### Exercise details
In the answer, give the entries below exactly, from the first line through the line with "Tábua de corte", with every picture omitted.

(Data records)
——

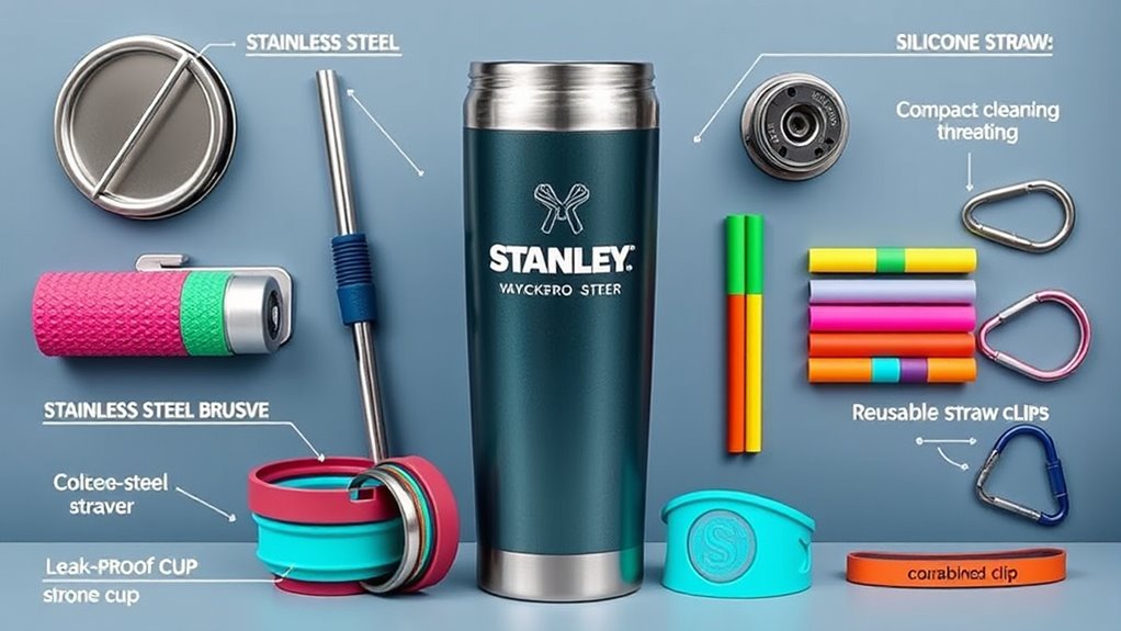 If you want to boost your hydration game, I recommend exploring some of the best Stanley tumbler accessories. Things like silicone straw toppers, reusable stainless steel straws, impact-absorbing silicone aural protectors, and decorative charms can enhance hygiene, durability, and style. Seasonal options like holiday-themed sets also add fun. Choosing the right accessories depends on your needs, but there are plenty designed to make your tumbler more functional and personalized. Keep going for all the details.
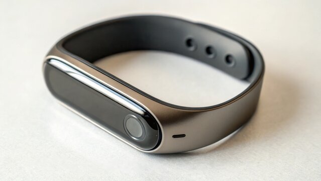 A sleek fitness tracker with a black band and touchscreen, designed for monitoring health and activity levels.
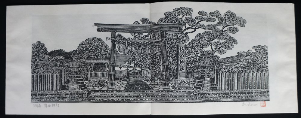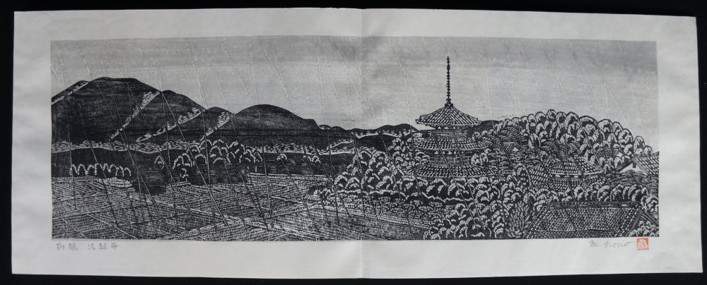 Japanese wood block print on Washi paper of Nara temple and shrines landscape, wood block print Moku-Han technique total of 11. Sealed and signed by artist on each print Horio Munehisa (堀尾宗久). Light wear from time and exposure. Each print can be divided from its book form and framed separately, Japan decorative arts
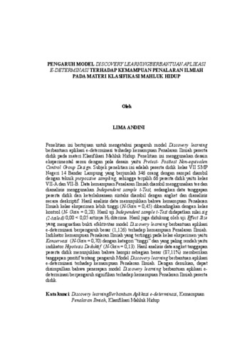 PENGARUH MODEL DISCOVERY LEARNINGBERBANTUAN APLIKASI E-DETERMINASI TERHADAP KEMAMPUAN PENALARAN ILMIAH PADA MATERI KLASIFIKASI MAHLUK HIDUP
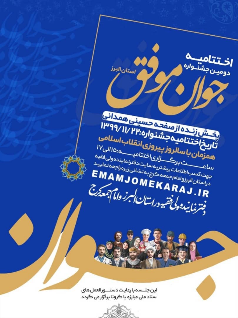 اختتامیه دومین جشنواره «جوان موفق» استان البرز همزمان با چهل و دومین سالگرد پیروزی شکوهمند انقلاب اسلامی، روز چهارشنبه ۲۲ بهمنماه از ساعت ۱۵ عصر در سالن شهیدان نژاد فلاح کرج برگزار میشود.
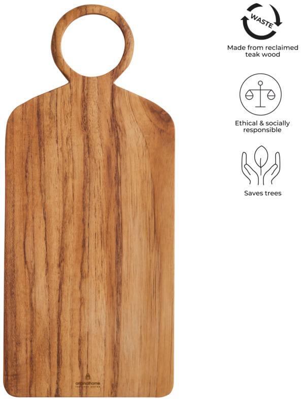 Tábua de corte durável e segura para alimentos, feita a partir da raiz de uma árvore de teca, um produto residual da indústria da teca. Provém de plantações de teca certificadas na Indonésia e é feita à mão por artesãos numa pequena oficina rural em Java Oriental. Pode ser utilizado para cortar alimentos ou como tabuleiro de servir. O design minimalista e natural desta tábua de cortar é uma joia em qualquer cozinha. Tamanho: 41 x 17 x 2 cm.
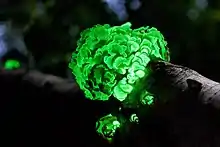 Un Foxfire (lit. Feu de renard), parfois appelé Feu de fée ou encore Feu de chimpanzé, résulte de la bioluminescence créée par certains mycètes présents dans le bois mort. La lueur bleu-verdâtre visible est due à une luciférase, une enzyme oxydante, qui émet de la lumière lorsqu'elle est en contact avec une luciférine. Diverses hypothèses sont émises à propos du rôle de cette bioluminescence : attraction d'arthropodes (notamment les moucherons mycophages (en) qui y déposent leurs œufs) dispersant les spores fongiques principalement par zoochorie, signal aposématique d'avertissement propre à protéger ces champignons contre les mammifères herbivores[1].
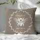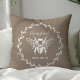 Mocha Honey Bee Laurel Honeycomb Monogram Throw Pillow
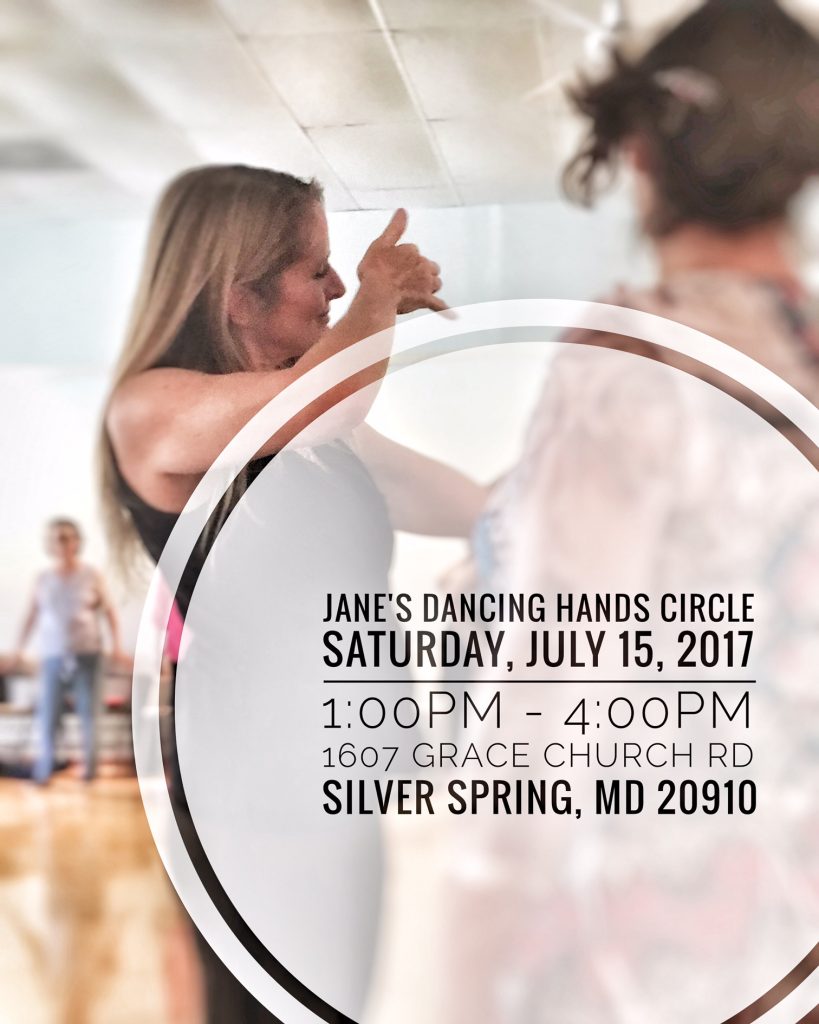 We are so excited to announce that Jane’s Dancing Hands Circle is returning to Washington DC Saturday July 15, 2017!

——

### Answer for the task
 If you want to boost your hydration game, I recommend exploring some of the best Stanley tumbler accessories. Things like silicone straw toppers, reusable stainless steel straws, impact-absorbing silicone aural protectors, and decorative charms can enhance hygiene, durability, and style. Seasonal options like holiday-themed sets also add fun. Choosing the right accessories depends on your needs, but there are plenty designed to make your tumbler more functional and personalized. Keep going for all the details.
 A sleek fitness tracker with a black band and touchscreen, designed for monitoring health and activity levels.
 Japanese wood block print on Washi paper of Nara temple and shrines landscape, wood block print Moku-Han technique total of 11. Sealed and signed by artist on each print Horio Munehisa (堀尾宗久). Light wear from time and exposure. Each print can be divided from its book form and framed separately, Japan decorative arts
 PENGARUH MODEL DISCOVERY LEARNINGBERBANTUAN APLIKASI E-DETERMINASI TERHADAP KEMAMPUAN PENALARAN ILMIAH PADA MATERI KLASIFIKASI MAHLUK HIDUP
 اختتامیه دومین جشنواره «جوان موفق» استان البرز همزمان با چهل و دومین سالگرد پیروزی شکوهمند انقلاب اسلامی، روز چهارشنبه ۲۲ بهمنماه از ساعت ۱۵ عصر در سالن شهیدان نژاد فلاح کرج برگزار میشود.
 Tábua de corte durável e segura para alimentos, feita a partir da raiz de uma árvore de teca, um produto residual da indústria da teca. Provém de plantações de teca certificadas na Indonésia e é feita à mão por artesãos numa pequena oficina rural em Java Oriental. Pode ser utilizado para cortar alimentos ou como tabuleiro de servir. O design minimalista e natural desta tábua de cortar é uma joia em qualquer cozinha. Tamanho: 41 x 17 x 2 cm.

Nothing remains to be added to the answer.